EXPENSES OF SOLICITATION
The entire expense of soliciting proxies, including preparing, assembling, printing and mailing the proxy form and the material used in the solicitation of proxies, will be paid by us. Solicitations may be made in person or by mail, telephone, facsimile or other means of electronic communication by our directors, officers and other employees, and none of those persons will receive any additional compensation in connection with the solicitation. We also will request record holders of shares beneficially owned by others to forward this proxy statement and related materials to the beneficial owners of such shares, and will reimburse those record holders for their reasonable expenses incurred in doing so.

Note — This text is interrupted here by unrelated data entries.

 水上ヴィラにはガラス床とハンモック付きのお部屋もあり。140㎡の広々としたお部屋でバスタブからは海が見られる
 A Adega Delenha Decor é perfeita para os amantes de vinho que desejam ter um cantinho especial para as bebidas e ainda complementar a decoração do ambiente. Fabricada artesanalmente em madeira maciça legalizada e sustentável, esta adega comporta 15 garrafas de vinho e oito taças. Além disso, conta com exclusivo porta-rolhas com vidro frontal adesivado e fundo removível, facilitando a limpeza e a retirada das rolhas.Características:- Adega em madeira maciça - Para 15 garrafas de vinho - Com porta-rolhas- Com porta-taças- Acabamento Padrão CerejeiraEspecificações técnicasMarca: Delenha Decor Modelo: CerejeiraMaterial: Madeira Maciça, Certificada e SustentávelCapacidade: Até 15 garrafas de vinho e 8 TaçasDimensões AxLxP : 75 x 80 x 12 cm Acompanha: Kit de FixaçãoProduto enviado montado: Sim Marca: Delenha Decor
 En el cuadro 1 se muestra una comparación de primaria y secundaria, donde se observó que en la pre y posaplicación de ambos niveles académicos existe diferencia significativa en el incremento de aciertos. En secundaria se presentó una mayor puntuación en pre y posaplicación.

HOUSEHOLDING OF PROXY MATERIALS
We have adopted a procedure permitted by Securities and Exchange Commission rules that is commonly referred to as “householding.” Under this procedure, a single annual report, proxy statement and notice regarding the availability of proxy materials are delivered to multiple shareholders sharing an address unless we receive contrary instructions from any shareholder at that address. We will continue to send a separate proxy card to each shareholder of record. We have adopted this procedure because we believe it reduces the volume of duplicate information shareholders receive and helps to reduce our printing and postage costs. A number of brokers with account holders who are MediaCo shareholders will be “householding” our proxy materials and annual reports as well.

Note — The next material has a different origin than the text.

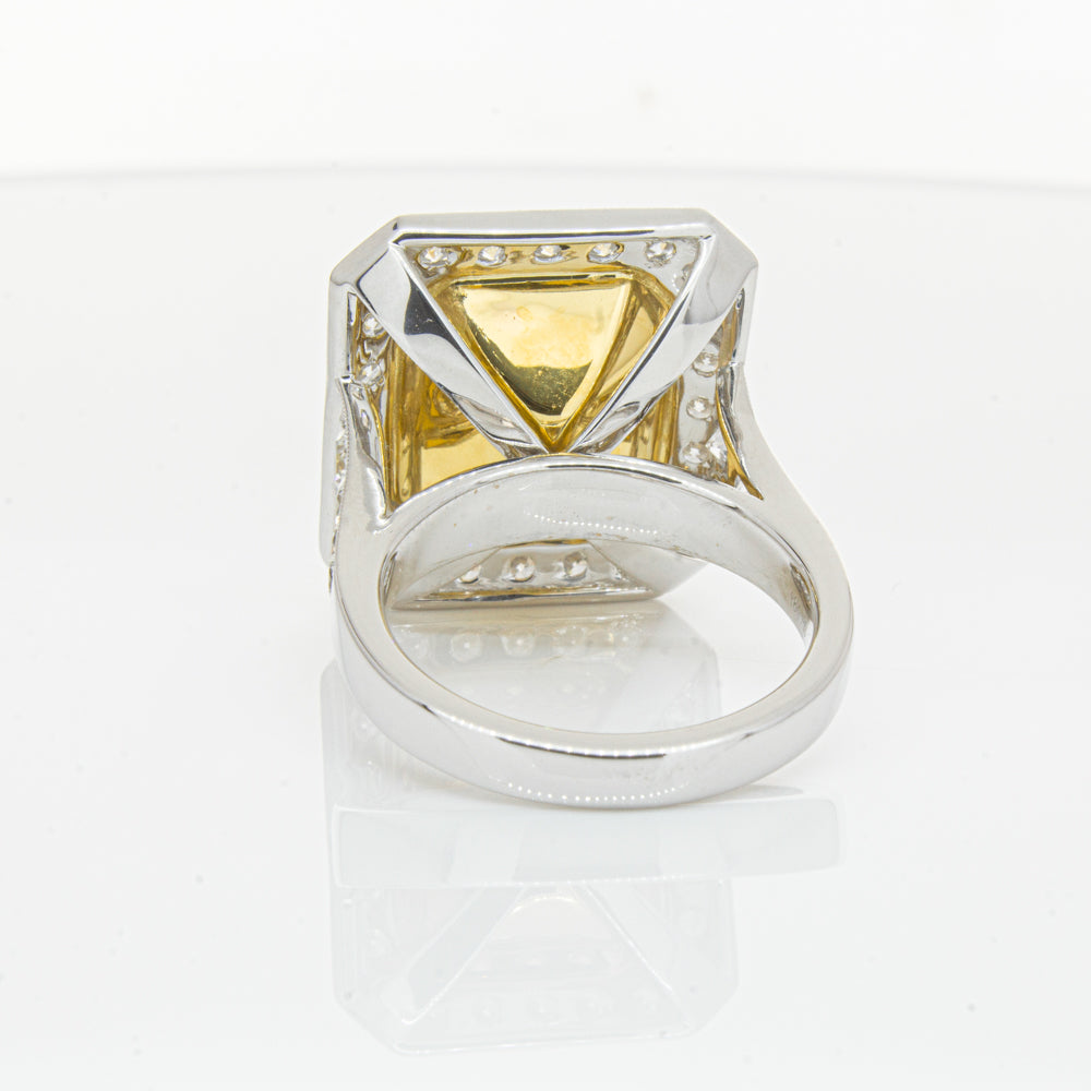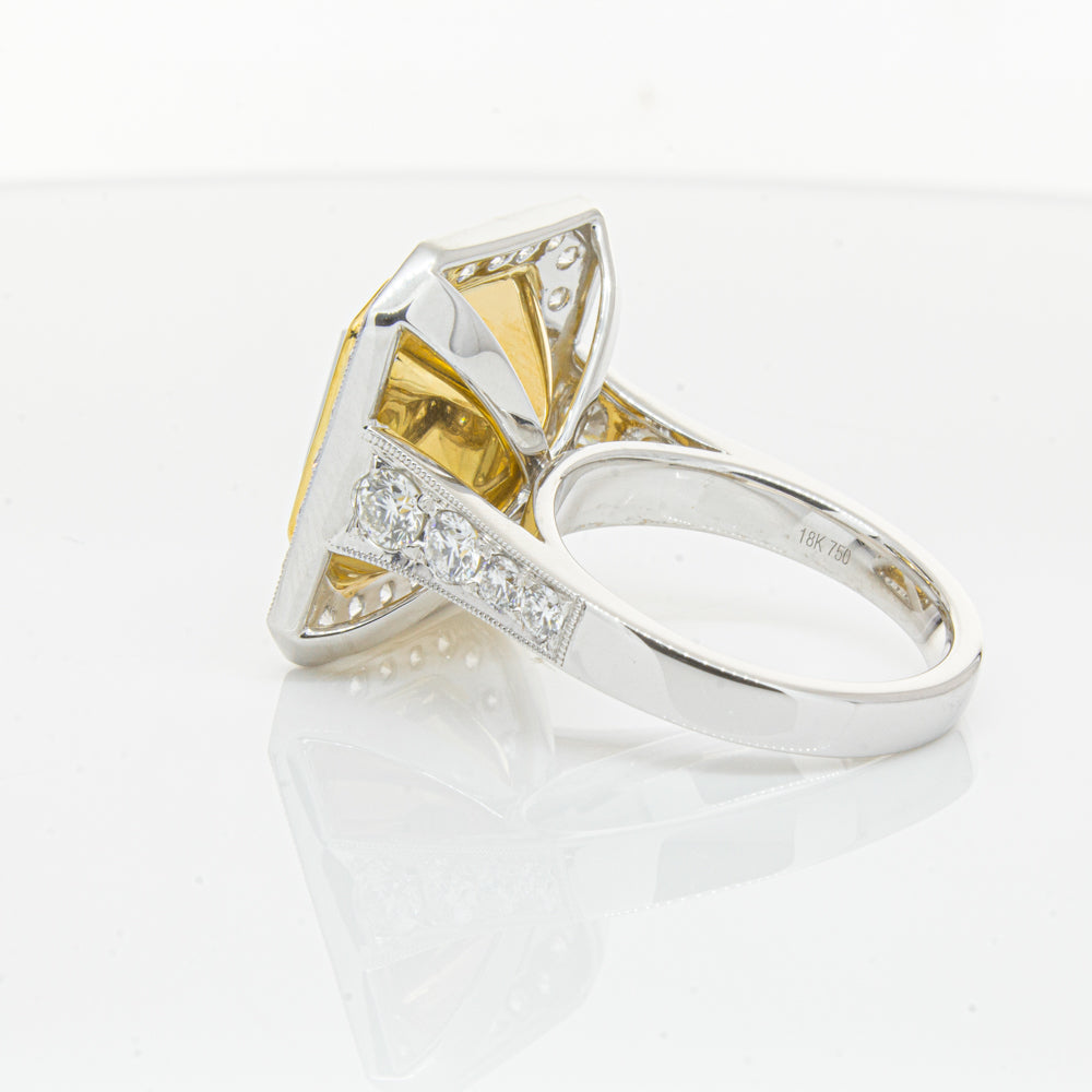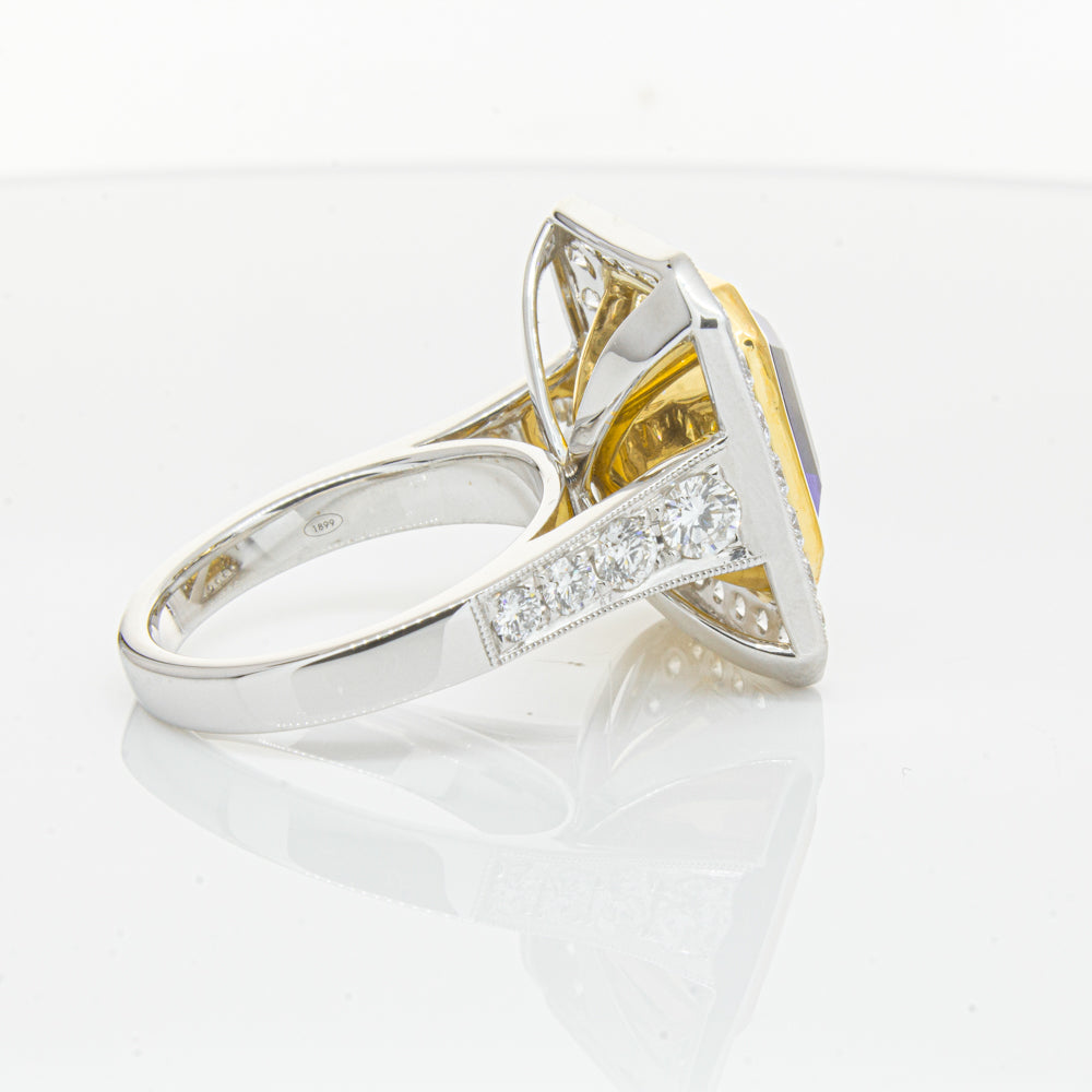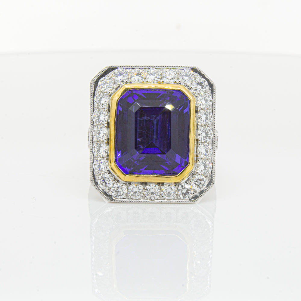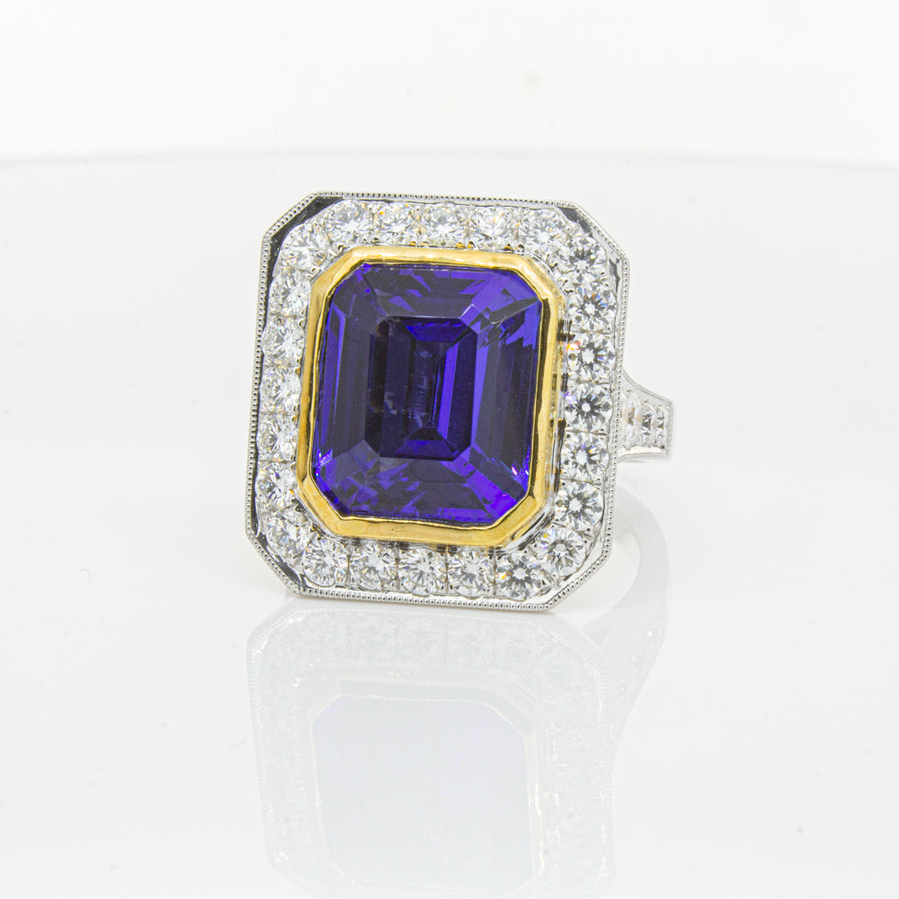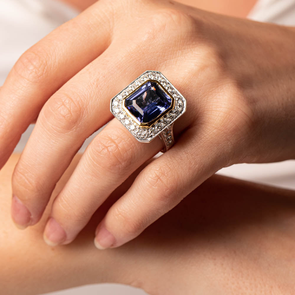 Designed to impress, this exquisite tanzanite and diamond ring will leave you speechless. This sophisticated ring boasts a shimmering deep violet-blue tanzanite set in 18ct white and yellow gold with a step cut shaped diamond halo.

If, at any time, you no longer wish to participate in “householding” and would prefer to receive a separate proxy statement and annual report, please notify your broker if you hold your MediaCo shares through a broker, or notify us directly if you are a shareholder of record by sending us an e-mail at Legal@MediaCoHolding.com, calling us at (212) 367-1608 or writing to us at MediaCo Holding Inc. Investor Relations, 395 Hudson Street, Floor 7, New York, New York 10014.  We will deliver promptly, upon written or oral request, a separate copy of the annual report, proxy statement, or notice regarding the availability of proxy materials, as applicable, to a shareholder at a shared address to which a single copy of the documents was delivered.
If you currently receive multiple copies of our proxy statement and annual report at your address and would like to request “householding” of your communications, you should contact your broker, or, if you are a record holder of MediaCo shares, you should submit a written request to our transfer agent, American Stock Transfer & Trust Company, Operations Center, 6201 15th Avenue, Brooklyn, New York 11219.